INFORMATION GIVEN Start Marker

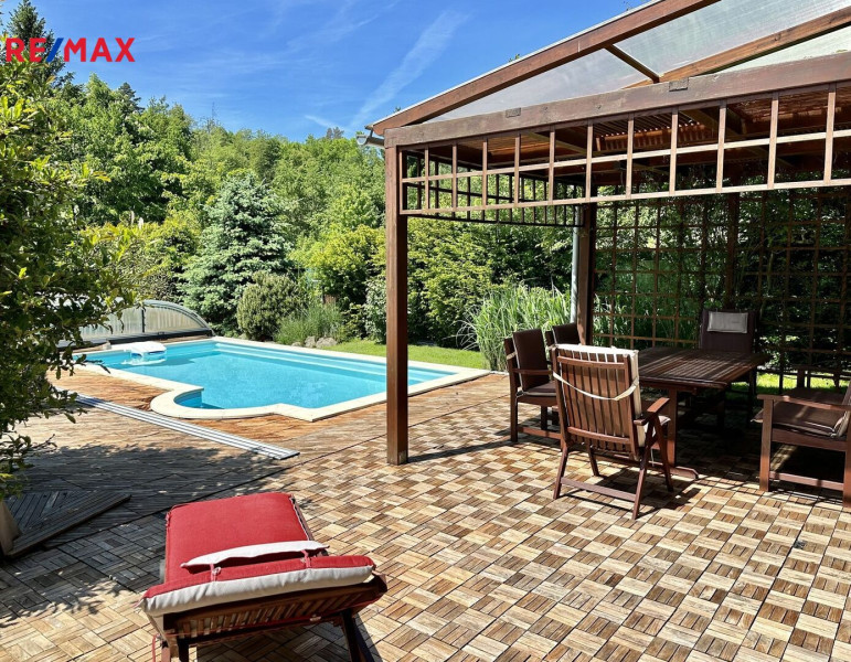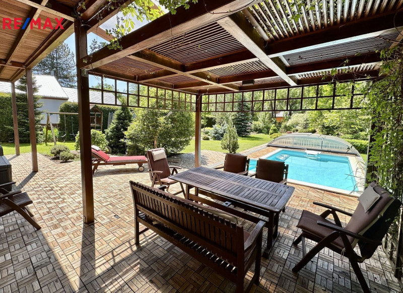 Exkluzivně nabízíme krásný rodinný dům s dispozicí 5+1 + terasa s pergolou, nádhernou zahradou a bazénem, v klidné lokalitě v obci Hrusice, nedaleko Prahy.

INFORMATION GIVEN End Marker
INFORMATION GIVEN Start Marker

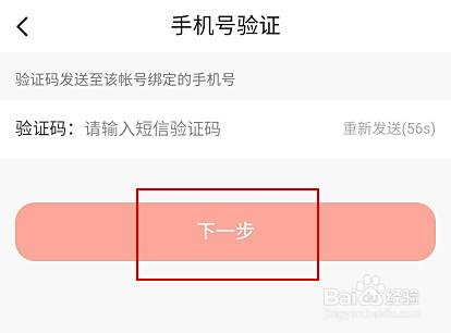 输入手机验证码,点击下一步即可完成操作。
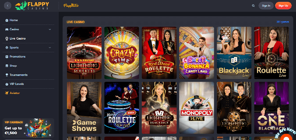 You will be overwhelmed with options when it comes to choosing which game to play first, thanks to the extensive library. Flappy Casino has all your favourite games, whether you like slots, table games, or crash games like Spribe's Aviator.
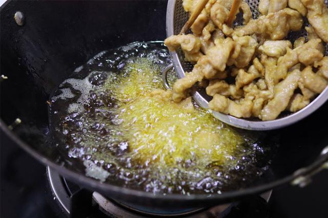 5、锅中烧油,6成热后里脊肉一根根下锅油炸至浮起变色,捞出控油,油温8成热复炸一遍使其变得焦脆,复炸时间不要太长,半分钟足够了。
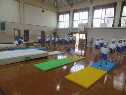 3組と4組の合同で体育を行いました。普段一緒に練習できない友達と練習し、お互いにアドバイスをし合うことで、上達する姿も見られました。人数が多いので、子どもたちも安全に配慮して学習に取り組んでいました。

INFORMATION GIVEN End Marker
INFORMATION GIVEN Start Marker

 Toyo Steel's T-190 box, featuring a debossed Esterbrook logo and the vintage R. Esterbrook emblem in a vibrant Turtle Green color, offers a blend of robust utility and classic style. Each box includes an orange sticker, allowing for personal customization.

INFORMATION GIVEN End Marker

* [WHAT THE EXERCISE ASKS]: Using the data above, retype exactly the lines from the line with "5、锅中烧油,6成热后里脊肉" to the line with "3組と4組の合同で体育を行い", inclusive. No pictures and nothing else.

* [SOLUTION]:
 5、锅中烧油,6成热后里脊肉一根根下锅油炸至浮起变色,捞出控油,油温8成热复炸一遍使其变得焦脆,复炸时间不要太长,半分钟足够了。
 3組と4組の合同で体育を行いました。普段一緒に練習できない友達と練習し、お互いにアドバイスをし合うことで、上達する姿も見られました。人数が多いので、子どもたちも安全に配慮して学習に取り組んでいました。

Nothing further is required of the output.